[Source data]
== Segment start ==

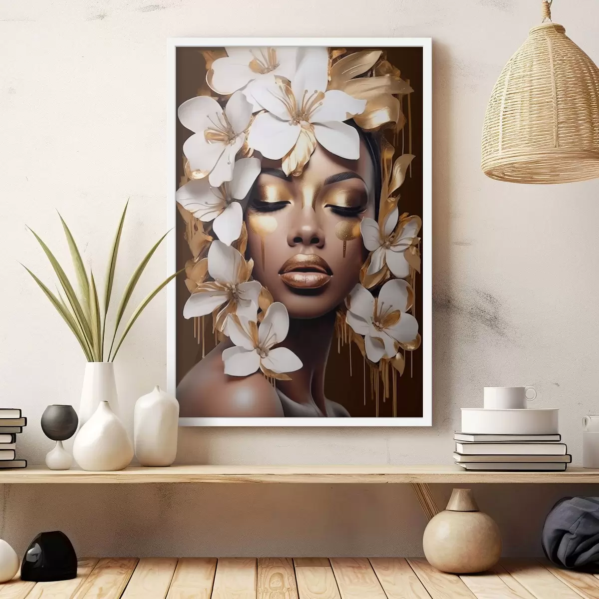 Plakatas Moters portretas su gėlių elementais Ne f43417
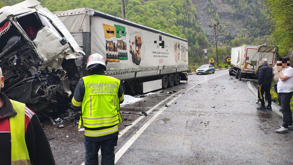 Accident grav pe DN7, la Brezoi: două camioane implicate, o persoană încarcerată, trafic blocat total în zona Lotrișor
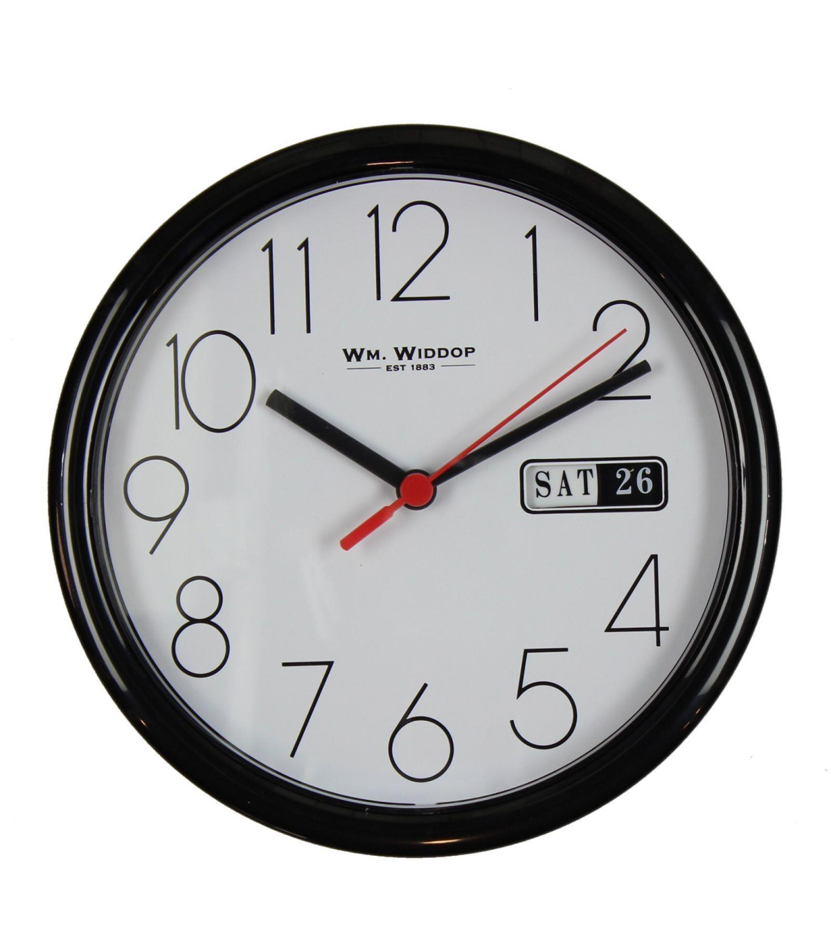 Wm.Widdop Day/Date Wall Clk-Black Case White Dial 8.5"Rnd
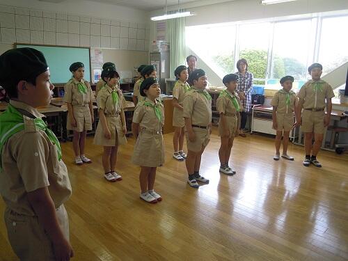 みどりの少年団結団式がありました。団員は、5年生と6年生で、計13名です。団長は、6年:水元颯太君、副団長は、6年:長渡涼君、5年:黒木大雅君です。先祖から受け継いだ尊い茶臼原の美しい豊かな自然を守り続けていくために、様々な活動に取り組みます。5年生は、初めて制服を着ました!!
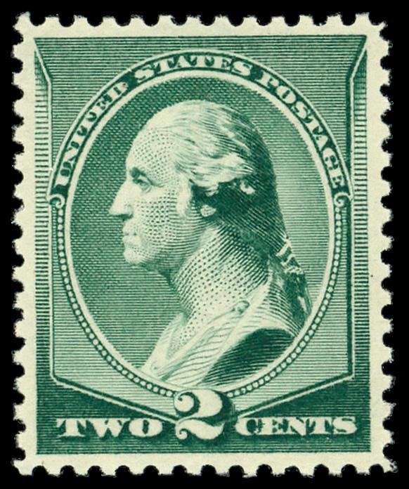 1887, 2¢ green (Scott 213), o.g., never hinged, Very Fine to Extremely Fine. Scott $120. (Image)
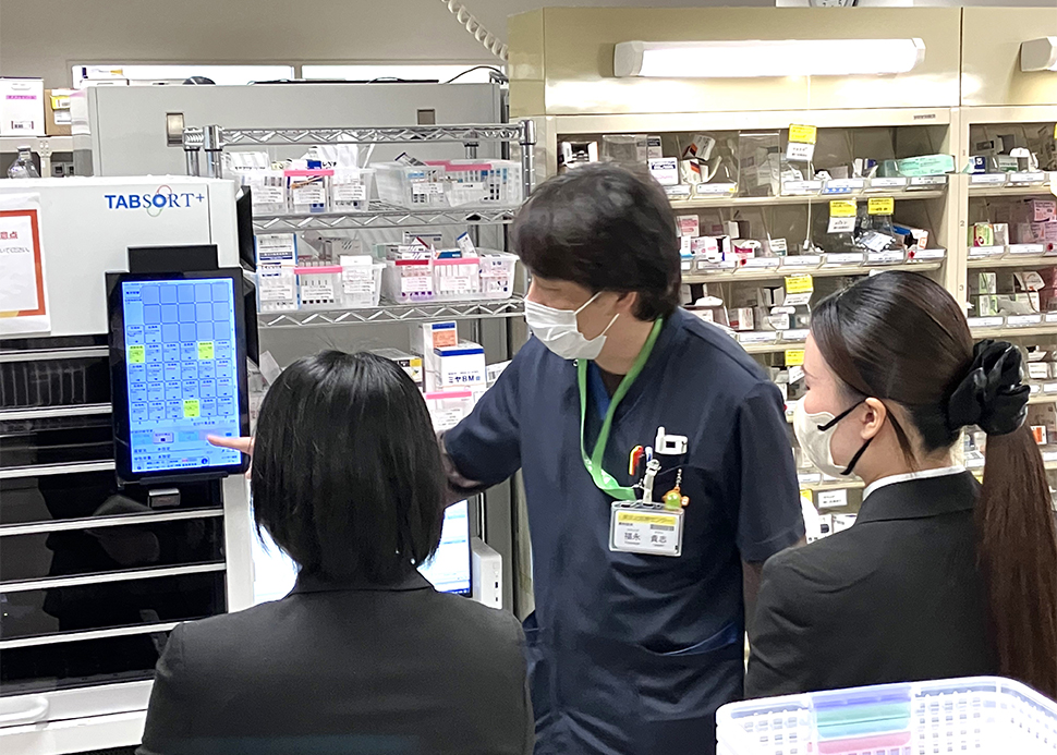 見学しながら、薬剤師業務や1日の流れをお話しています。
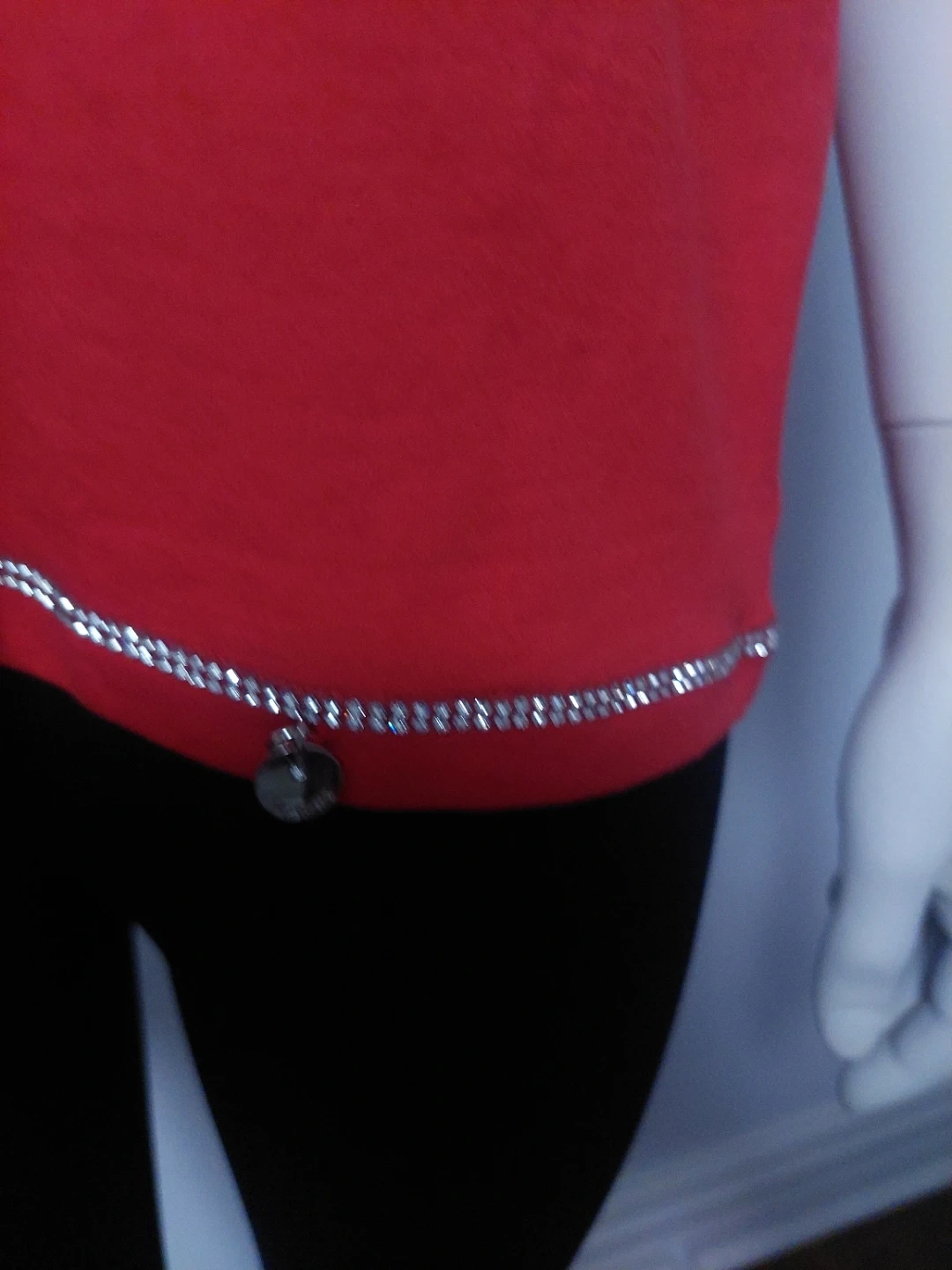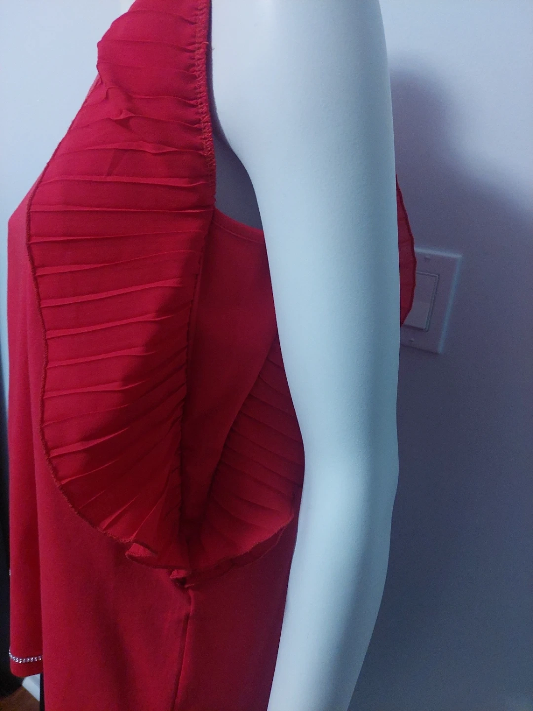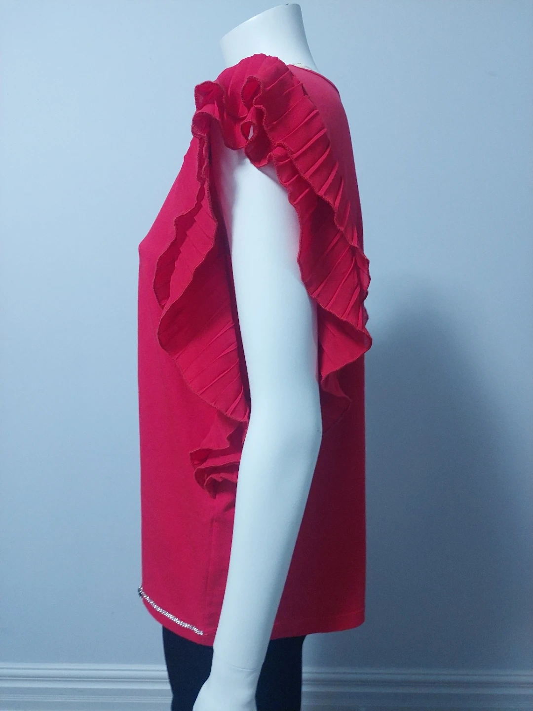 Valentine! Beautiful red top with unique ruffle sleeves. It also has a decorative trim along the bottom. Perfect for adding a pop of colour to your wardrobe!
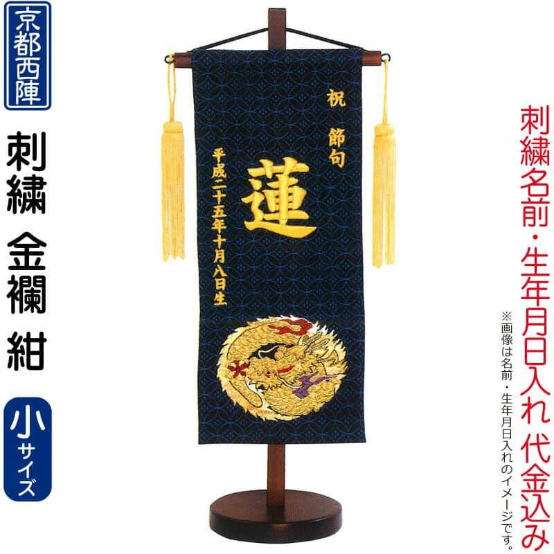 【送料無料】最安値に挑戦!2026年度新作 鯉のぼり 五月人形 キング印 名前旗 男の子 金襴 紺(小)京都西陣織 刺繍 名前 生年月日入れ代金込み スタンド付 【2026年度新作】 ym-51322
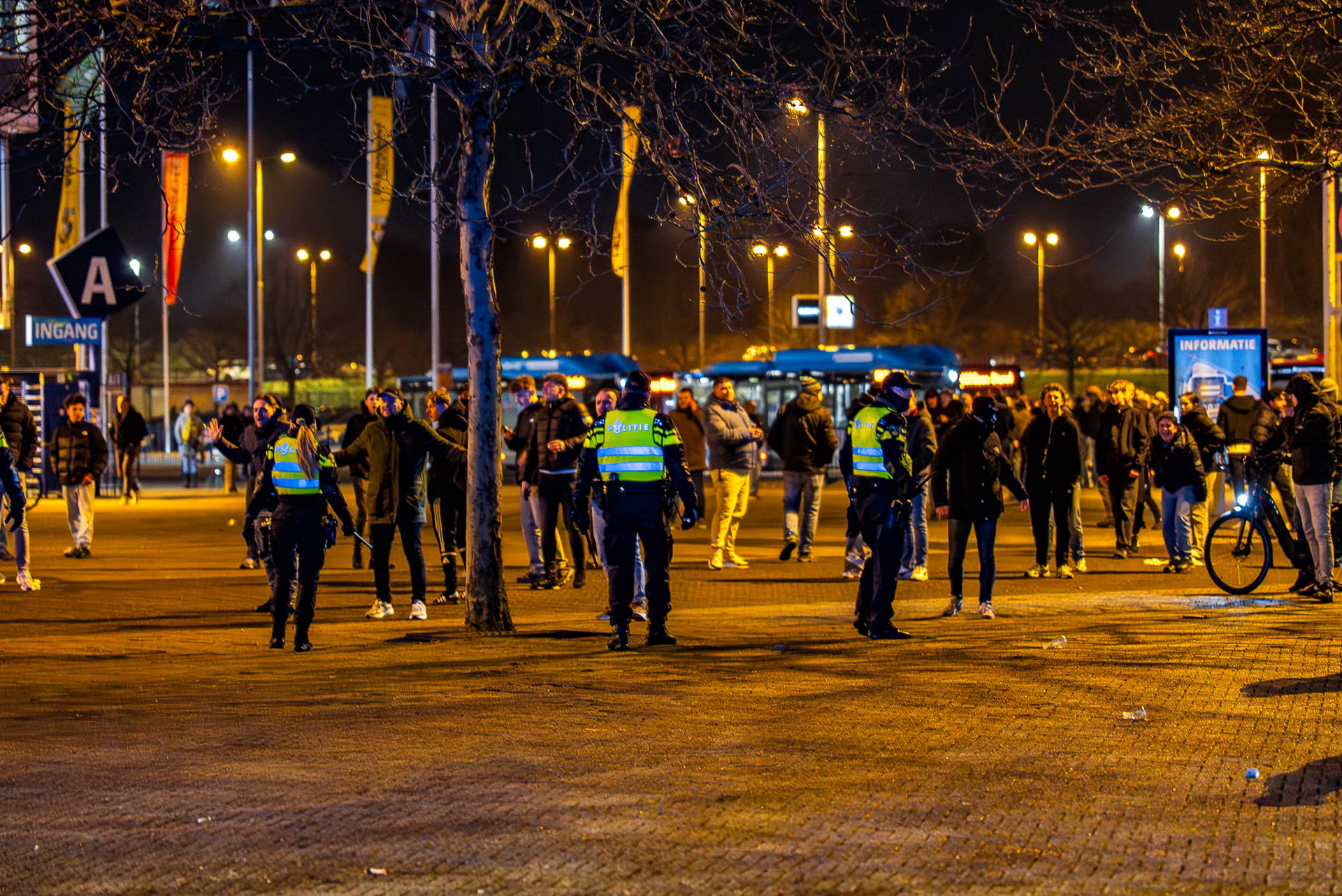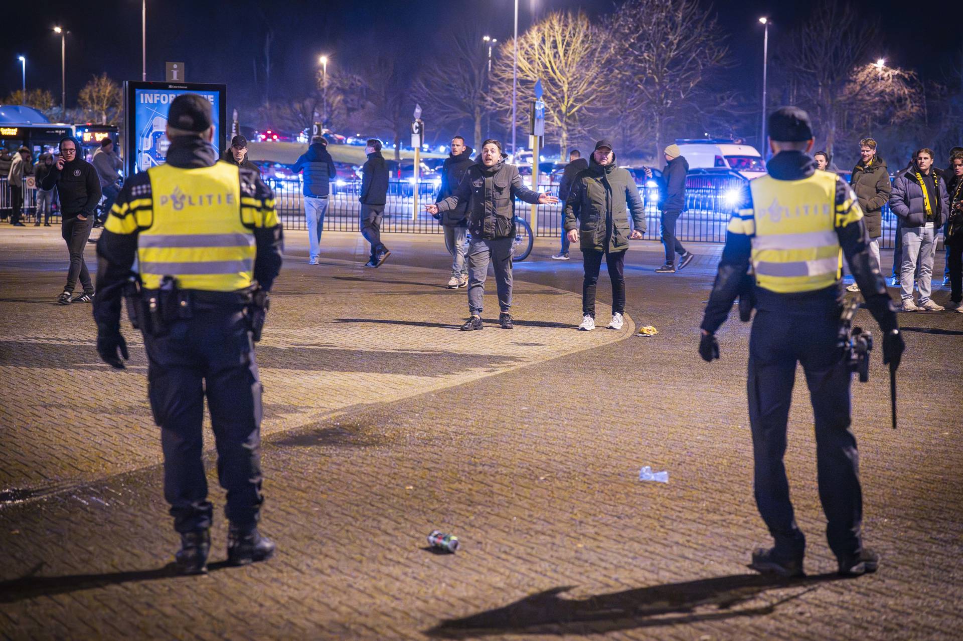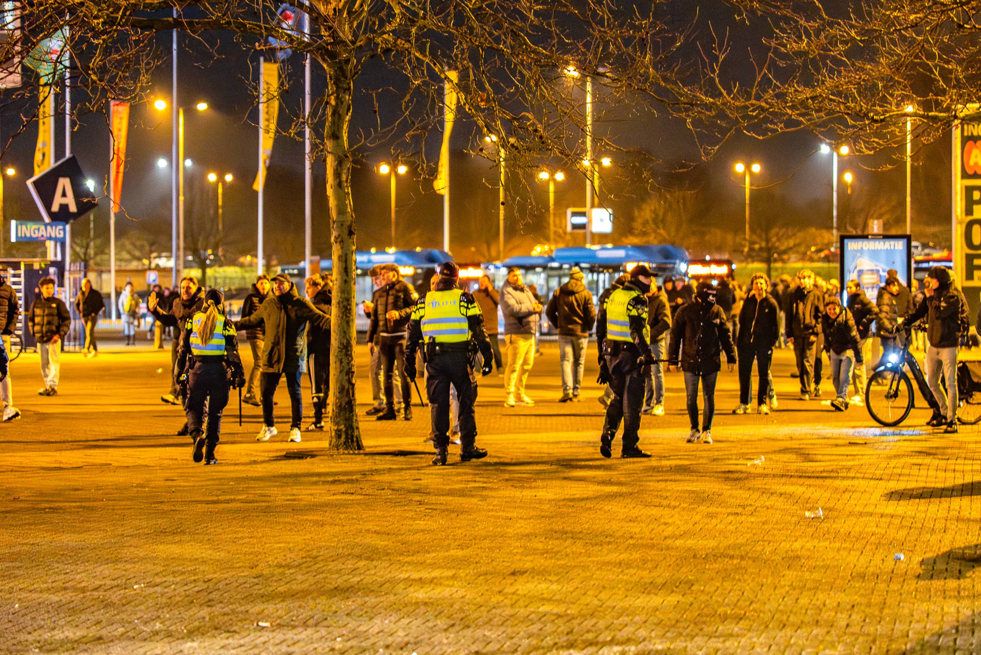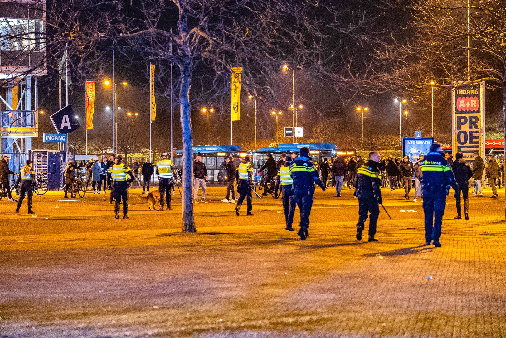 Minstens één persoon is aangehouden. Kort na het ingrijpen keerde de rust terug in en rond het stadion.
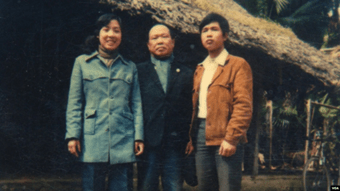 Bộ trưởng Cù Huy Cận và vợ chồng con trai, Tiến sĩ Cù Huy Hà Vũ – Luật sư Nguyễn Thị Dương Hà, trước căn nhà nơi ông sinh ra tại Ân Phú, Hà Tĩnh – 1983. Nguồn: Cù Huy Hà Vũ
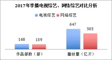 2017年有14档网综破10亿播放,总计贡献了291.2亿次播放量;同年主流视频网站共上线159部网络综艺,总播放量超500亿,市场表现直奔电视综艺。
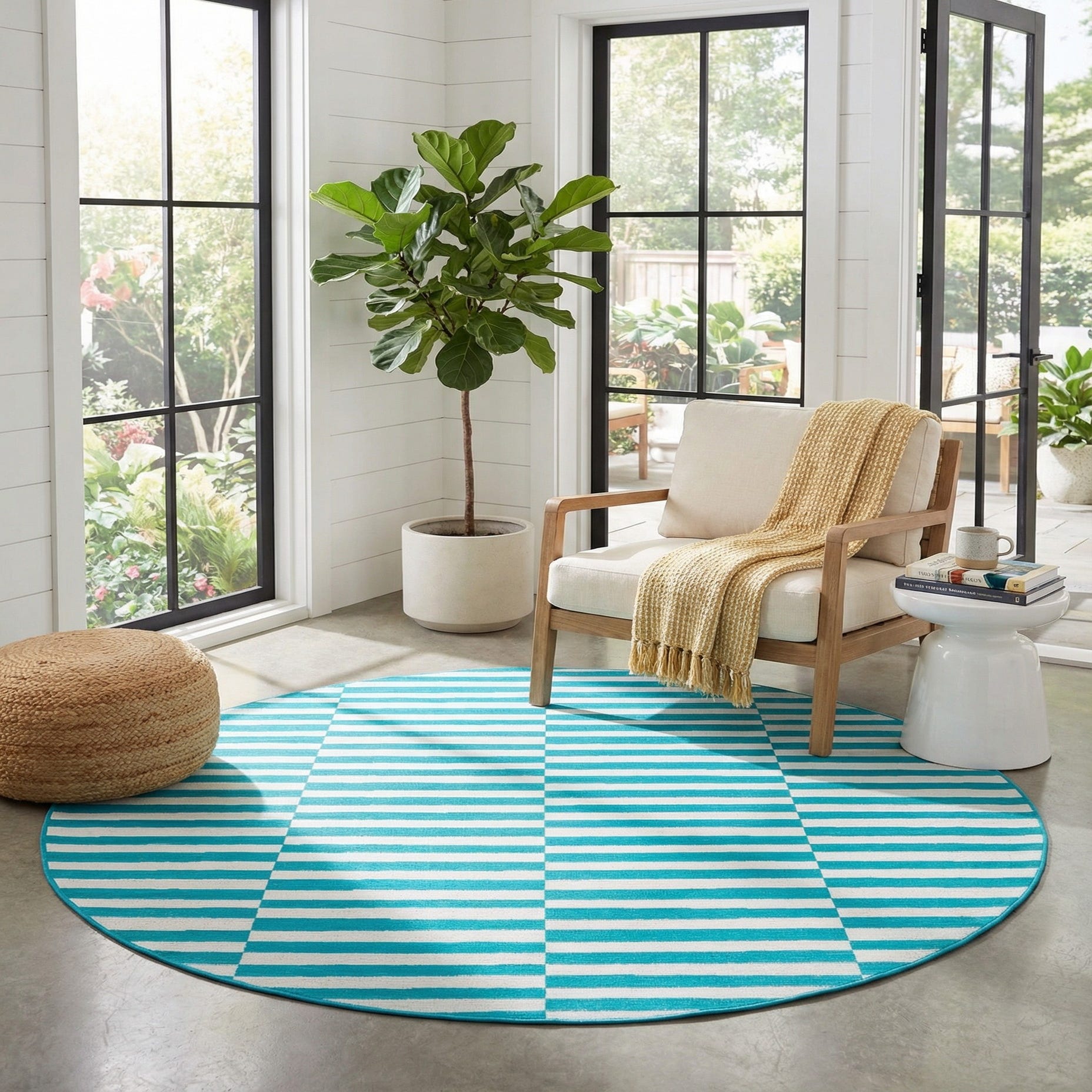 Primary color is Turquoise. Colors in this rug include: Turquoise, Ivory.
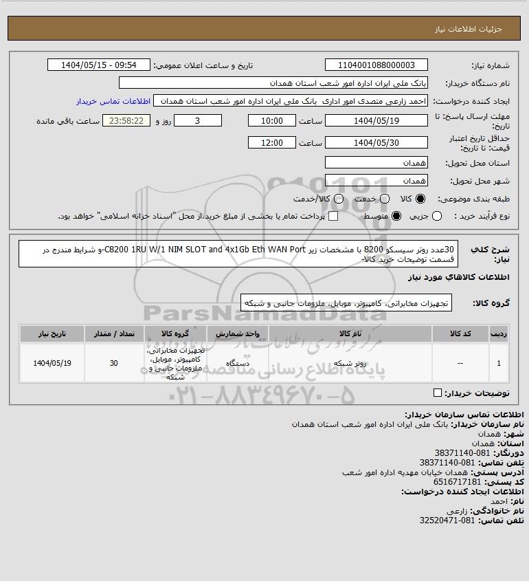 شرح کلی نیاز: 30عدد روتر سیسکو 8200 با مشخصات زیر C8200 1RU W/1 NIM SLOT and 4x1Gb Eth WAN Port-و شرایط مندرج در قسمت توضیحات خرید کالا-

== Segment end ==

About this task:
When copying from the data above, print only the lines from the line containing "Valentine! Beautiful red" to the line containing "Minstens één persoon", exactly, and leave the pictures out.

Written response:
 Valentine! Beautiful red top with unique ruffle sleeves. It also has a decorative trim along the bottom. Perfect for adding a pop of colour to your wardrobe!
 【送料無料】最安値に挑戦!2026年度新作 鯉のぼり 五月人形 キング印 名前旗 男の子 金襴 紺(小)京都西陣織 刺繍 名前 生年月日入れ代金込み スタンド付 【2026年度新作】 ym-51322
 Minstens één persoon is aangehouden. Kort na het ingrijpen keerde de rust terug in en rond het stadion.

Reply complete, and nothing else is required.